Including $917,000 in year-end deferred revenue associated with subscriptions, adjusted revenues on a non-GAAP basis would total $13.8 million for the fourth quarter of 2020.
Gross profit in the fourth quarter increased 184% to $8.9 million, compared to $3.1 million in the same year-ago quarter. Gross margin in the fourth quarter of 2020 decreased to 69.1% from 79.6% in the same year-ago quarter. The decrease was primarily due to a change in the mix of product sales and inventory write-off associated with legacy products. Excluding the impact of the non-cash write-off, adjusted gross margin on a non-GAAP basis for the fourth quarter of 2020 would be 76.1%.
Operating expense in the fourth quarter of 2020 was $41.2 million, up from $3.7 million in the same year-ago quarter. The increase was primarily due to increases in selling and marketing expense of $15.2 million, general and administrative (G&A) expenses of $21.7 million, other operating expenses of $479,000, customer services of $66,000 and development costs of $93,000. G&A expenses for fourth quarter of 2020 also included non-cash expenses for stock-based compensation and amortization of $20.1 million.
The increase in selling and marketing expense was primarily driven by an acceleration of investment in patient acquisition. This resulted in a nearly 200% increase in new telemedicine patients in the fourth quarter, of which about 90% signed up for product subscriptions. The increase in G&A expenses was primarily due to non-cash stock-based compensation associated with several new management hires.
Net loss attributable to common stockholders for the fourth quarter of 2020 was $32.3 million or $(2.56) per share, as compared to a net loss attributable to common stockholders of $0.7 million or $(0.09) per share in the fourth quarter of 2019. The company’s net loss for the fourth quarter of 2020 included non-cash or financing-related charges primarily related to stock-based compensation associated with several key management hires, warrant settlement expenses, and financing costs related to the company’s fourth quarter private placement.

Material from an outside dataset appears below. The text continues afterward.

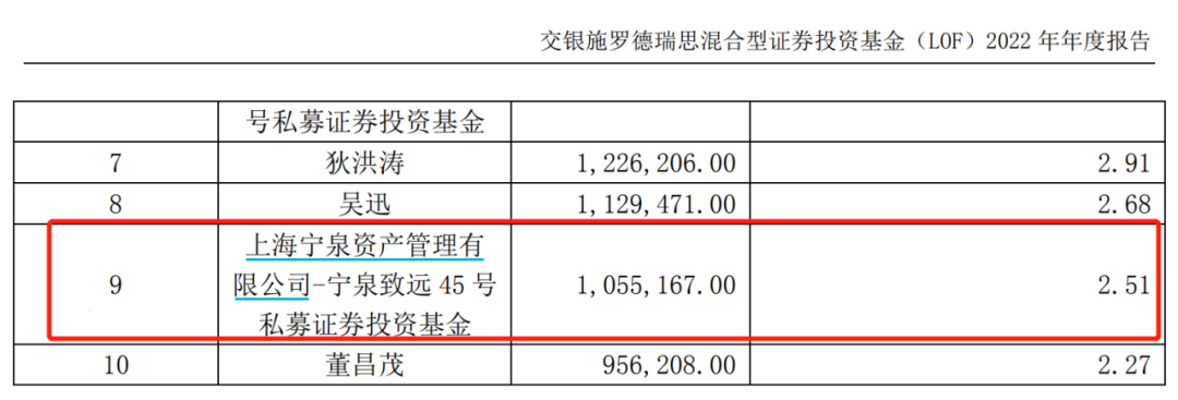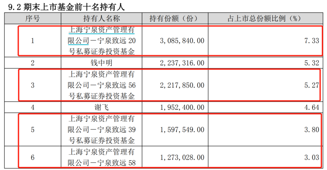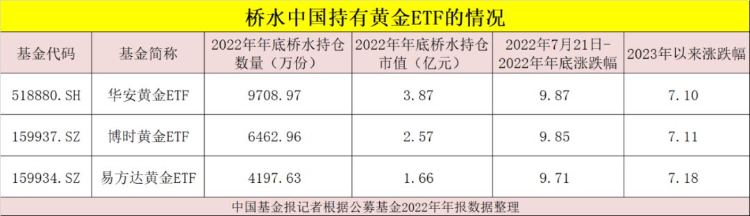 随着近期公募基金2022年年报悉数披露,基金君发现,不少公募基金产品的前十大持有人名单中出现了百亿私募机构旗下私募产品的名字。 比如桥水中国旗下的桥水全天候增强型中国私募基金,在2022年上半年逆势买进3只黄金ETF后,下半年继续坚定持有,到2022年年底合计持有2.04亿份,持仓市值达到8.1亿元左右。黄金ETF自去年7月末以来迎来一波大反弹行情,尤其是今年在全球宏观局势的波动下,涨幅比较大,桥水中国的这一波布局可谓精准。 同时,杨东掌舵的百亿私募宁泉资产也很喜欢买上市的主动权益基金,其到去年年底现身中欧、工银、华夏、交银等几家公募旗下的多只基金的前十大持有人名单。我们一起来看看,为什么私募也爱买公募。 桥水中国持有黄金ETF8.1亿元 逆势布局迎来一波大涨行情 全球最大对冲基金桥水旗下的外商独资私募桥水(中国)投资管理有限公司,近年来管理规模突破百亿,其在中国市场积极做投资布局。基金君发现,桥水中国旗下多只私募产品在公募基金2022年半年报披露之际,首次现身A股市场最大的三只公募黄金ETF的前十大持有人名单。 在去年上半年买进黄金ETF之后,桥水中国一直坚持持有多个季度,截止去年年底,旗下的私募产品仍然持有华安黄金ETF、博时黄金ETF、易方达黄金ETF,合计持有2.04亿份。如果按照去年年底的收盘价算,其合计持仓金额达到8.1亿元左右。 ![]() 值得注意的是,华安黄金ETF、博时黄金ETF、易方达黄金ETF在去年7月21日触及低点以后,展开了一轮大反弹行情;从低位到去年底,三只ETF在市场中涨幅都将近10%。同时,在全球宏观形势波动下,今年黄金ETF的表现也是可圈可点,华安黄金ETF、博时黄金ETF、易方达黄金ETF,年初至今分别上涨了7.10%、7.11%、7.18%。 桥水中国在去年上半年黄金ETF下跌之际逆势布局,阶段性忍受波动,此后随着黄金ETF的反弹,也是赚到了。如果今年上半年还没有减持,浮盈会更高。桥水中国这一波在黄金ETF上的操作可谓十分精准,其逆势布局也迎来了收获。 具体我们再来看看,基金年报显示,去年四季度末,桥水中国旗下的桥水全天候增强型中国私募证券投资基金三号、二号,分别位列第2、第10大持有人,合计持有华安黄金ETF共9708.97万份,期末持仓市值达到3.87亿元;但是,跟去年二季度末比起来,桥水全天候增强型中国私募证券投资基金一号退出了持有人名单。但市场人士认为,桥水中国应该没有减持,只是因为部分持有人加仓了华安黄金ETF,使得其前几位持有人的门槛变高了。 ![]() 同时桥水中国也继续坚守博时黄金ETF,一份也没有卖。基金年报显示,去年年底,桥水全天候增强型中国私募证券投资基金三号、一号、二号,合计持有博时黄金ETF的份额为6462.96万份,期末持仓市值为2.57亿元。 另外,桥水中国旗下的这三只私募基金在去年年底也持有易方达黄金ETF的份额为4197.63万份,期末持仓市值为1.66亿元,跟之前相比也没有变化。 桥水掌门人瑞达利欧去年在采访中表示,在当前不确定的全球环境下,黄金应该是投资组合的重要组成部分,而不是主导部分。他说,黄金就像是一个投资组合的覆盖物或是保险,可以构成一个多样化投资组合的15%。 宁泉资产积极加仓多只公募基金 杨东掌舵的百亿私募宁泉资产也非常喜欢买公募基金,最新披露的基金年报显示,宁泉资产管理的产品,在2022年四季度末现身中欧远见两年定开、中欧创业板两年定开、工银睿智进取一年、华夏创业板两年定开、交银瑞思三年等多只公募基金的前十大持有人名单。主要买的都是这些上市基金的场内份额。 比如宁泉资产旗下的私募基金已经持有交银瑞思LOF多个季度,其早在2021年中报披露的时候就现身该LOF基金的前十大持有人名单,并且坚持持有,不断加仓。 到2022年四季度末,宁泉致远20号、宁泉致远56号、宁泉致远39号、宁泉致远58号、宁泉致远45号等5只私募基金一起现身交银瑞思LOF的前十大持有人名单,合计持有份额为922.94万份,占上市总份额比例的21.94%。 资料显示,交银瑞思LOF成立于2020年2月21日,随后在2020年8月5日上市;截止去年底,该基金规模为60.20亿元。该基金的基金经理是交银施罗德明星基金经理沈楠,具有近8年的基金管理经验,任期业绩也比较好。 ![]() ![]() 还有,宁泉致远20号私募证券投资基金在去年底持有中欧远见两年定开基金149.34万份,占上市总份额比例的0.94%,位列第10位;同时,一家名叫深圳市前海禾丰正则资产的私募机构,旗下也有3只私募产品大举买进中欧远见两年定开A的场内份额,占据了第4、第6、第7大持股人的位置;还有宁波万坤投资旗下万坤东方点冉1号私募基金也现身第9大持股人。 基金君发现,其实宁泉资产旗下的宁泉致远20号私募基金,早在2021年年报披露时就出现在中欧远见两年定开基金的前十大持有人名单中,彼时就持有149.34万份,到2022年底也是一份都没有卖出。 资料显示,中欧远见两年定开基金成立于2019年4月24日,并在2019年5月27日上市交易;截止去年四季度末,该基金A、C份额合计总规模为46.19亿元。 ![]() 同时,宁泉致远39号私募证券投资基金现身中欧创业板两年定开混合基金的持有人名单,在去年四季度末持有份额为164.91万份,占上市总份额比例的1.53%,位列第5位持有人的位置。 基金君发现,宁泉旗下的私募产品早在2021年中报披露的时候就出现在中欧创业板两年定开混合基金的前十大持有人名单中,彼时买进

Adjusted EBITDA, a non-GAAP term, totaled negative $9.7 million in the fourth quarter of 2020, compared to adjusted EBITDA of $0.5 million in the same year-ago quarter (see definition of this non-GAAP term and reconciliation to GAAP, below.)
Cash totaled $9.2 million at December 31, 2020, as compared to $917,000 at September 30, 2020. The increase was primarily due to a private placement with net proceeds of $14.9 million completed in November 2020.
Full Year 2020 Financial Summary
Revenue in the full year 2020 increased 199% to a record $37.3 million from $12.5 million in 2019. The increase in revenue was attributable to both the increase in telehealth net revenues of 208% to $30.6 million and an increase in PDFSimpli net revenues of 165% to $6.7 million.
After including $917,000 in year-end deferred revenue associated with subscriptions, adjusted revenues on a non-GAAP basis total $38.2 million for the full year 2020.
Gross profit in the full year 2020 increased 185% to $28.4 million, compared to $9.9 million in 2019. Gross profit as a percentage of revenue in 2020 decreased to 76.1% from 79.7% in 2019. The decrease was primarily due to an inventory write-off associated with legacy products as well as due to the mix of products sold. Excluding inventory adjustments of $2.1 million, adjusted gross profit on a non-GAAP basis for the full year 2020 would be $30.5 million or 81.8% as a percentage of revenue.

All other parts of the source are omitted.